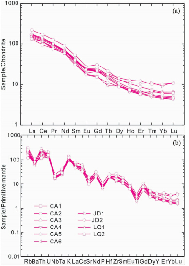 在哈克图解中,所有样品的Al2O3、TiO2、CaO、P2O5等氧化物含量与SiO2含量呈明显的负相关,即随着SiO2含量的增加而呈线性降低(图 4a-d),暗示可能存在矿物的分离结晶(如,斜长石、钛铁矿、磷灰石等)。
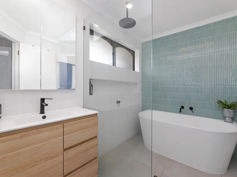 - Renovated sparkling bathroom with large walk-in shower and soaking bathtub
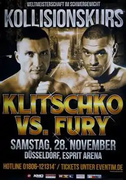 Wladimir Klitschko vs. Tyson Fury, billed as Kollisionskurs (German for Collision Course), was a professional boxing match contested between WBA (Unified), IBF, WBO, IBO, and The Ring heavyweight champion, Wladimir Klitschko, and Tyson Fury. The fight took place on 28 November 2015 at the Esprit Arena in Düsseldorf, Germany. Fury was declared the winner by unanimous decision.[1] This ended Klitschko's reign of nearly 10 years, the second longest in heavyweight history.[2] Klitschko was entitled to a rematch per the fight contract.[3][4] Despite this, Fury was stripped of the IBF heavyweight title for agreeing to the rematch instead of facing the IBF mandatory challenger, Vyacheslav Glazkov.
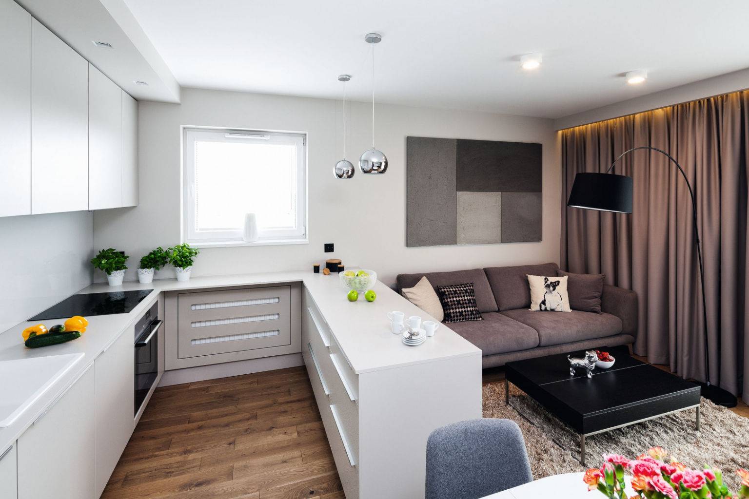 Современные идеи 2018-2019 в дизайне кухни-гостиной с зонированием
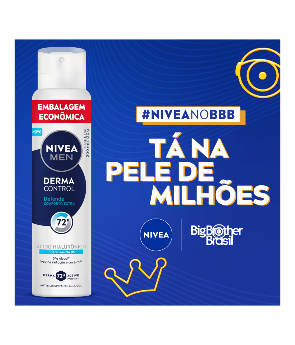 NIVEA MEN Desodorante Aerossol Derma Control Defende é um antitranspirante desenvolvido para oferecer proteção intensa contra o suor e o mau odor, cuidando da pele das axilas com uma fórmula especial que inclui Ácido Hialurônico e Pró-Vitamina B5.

---

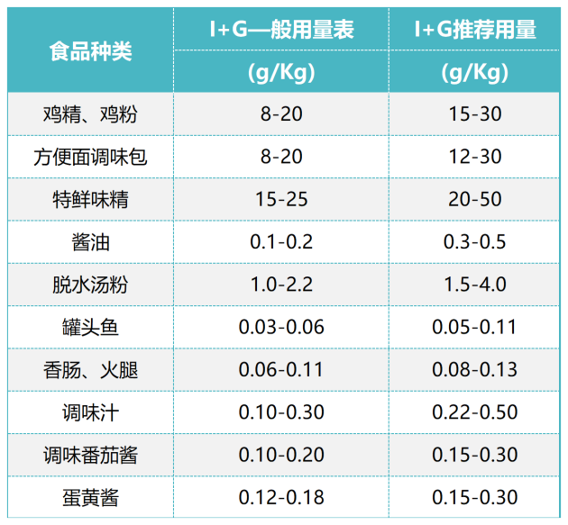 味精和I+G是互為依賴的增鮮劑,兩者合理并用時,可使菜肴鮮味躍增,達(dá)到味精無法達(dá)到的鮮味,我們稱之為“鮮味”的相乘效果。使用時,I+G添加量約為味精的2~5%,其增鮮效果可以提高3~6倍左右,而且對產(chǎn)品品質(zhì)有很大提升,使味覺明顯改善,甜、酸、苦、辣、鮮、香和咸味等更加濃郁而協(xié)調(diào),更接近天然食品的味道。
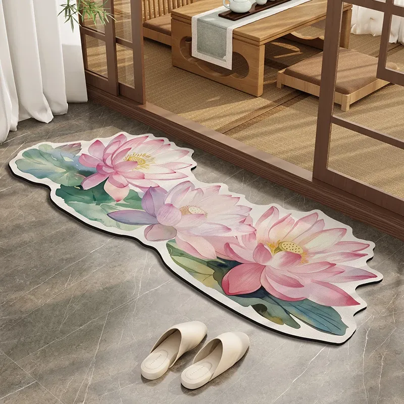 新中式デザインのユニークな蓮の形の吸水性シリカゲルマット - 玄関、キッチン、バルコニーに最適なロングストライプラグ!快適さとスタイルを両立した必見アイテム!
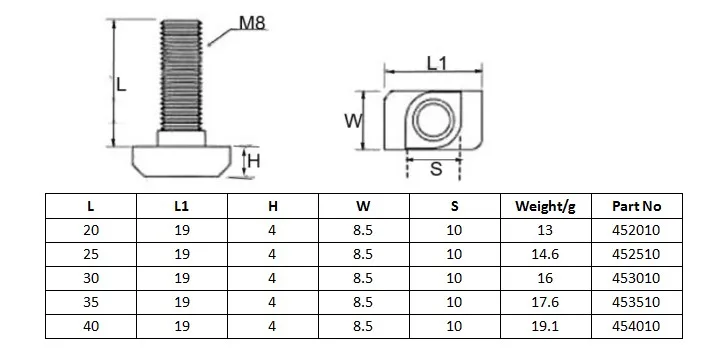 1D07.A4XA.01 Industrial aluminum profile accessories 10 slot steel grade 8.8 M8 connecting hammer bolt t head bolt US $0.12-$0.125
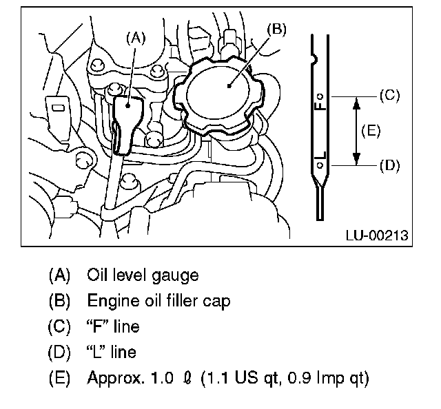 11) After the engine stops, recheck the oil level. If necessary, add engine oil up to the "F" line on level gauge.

* * *

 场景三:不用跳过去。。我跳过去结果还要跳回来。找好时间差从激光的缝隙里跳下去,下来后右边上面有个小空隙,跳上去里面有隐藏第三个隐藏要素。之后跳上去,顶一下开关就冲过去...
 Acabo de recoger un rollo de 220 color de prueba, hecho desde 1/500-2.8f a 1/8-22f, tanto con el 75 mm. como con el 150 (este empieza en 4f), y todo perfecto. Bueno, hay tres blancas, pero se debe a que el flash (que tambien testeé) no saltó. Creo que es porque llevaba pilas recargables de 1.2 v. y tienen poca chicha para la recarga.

Your instructions:
Using the data above, return the lines from the one holding "在哈克图解中,所有样品的Al" through the one holding "NIVEA MEN Desodorante" exactly, but not the pictures.

Answer space:
 在哈克图解中,所有样品的Al2O3、TiO2、CaO、P2O5等氧化物含量与SiO2含量呈明显的负相关,即随着SiO2含量的增加而呈线性降低(图 4a-d),暗示可能存在矿物的分离结晶(如,斜长石、钛铁矿、磷灰石等)。
 - Renovated sparkling bathroom with large walk-in shower and soaking bathtub
 Wladimir Klitschko vs. Tyson Fury, billed as Kollisionskurs (German for Collision Course), was a professional boxing match contested between WBA (Unified), IBF, WBO, IBO, and The Ring heavyweight champion, Wladimir Klitschko, and Tyson Fury. The fight took place on 28 November 2015 at the Esprit Arena in Düsseldorf, Germany. Fury was declared the winner by unanimous decision.[1] This ended Klitschko's reign of nearly 10 years, the second longest in heavyweight history.[2] Klitschko was entitled to a rematch per the fight contract.[3][4] Despite this, Fury was stripped of the IBF heavyweight title for agreeing to the rematch instead of facing the IBF mandatory challenger, Vyacheslav Glazkov.
 Современные идеи 2018-2019 в дизайне кухни-гостиной с зонированием
 NIVEA MEN Desodorante Aerossol Derma Control Defende é um antitranspirante desenvolvido para oferecer proteção intensa contra o suor e o mau odor, cuidando da pele das axilas com uma fórmula especial que inclui Ácido Hialurônico e Pró-Vitamina B5.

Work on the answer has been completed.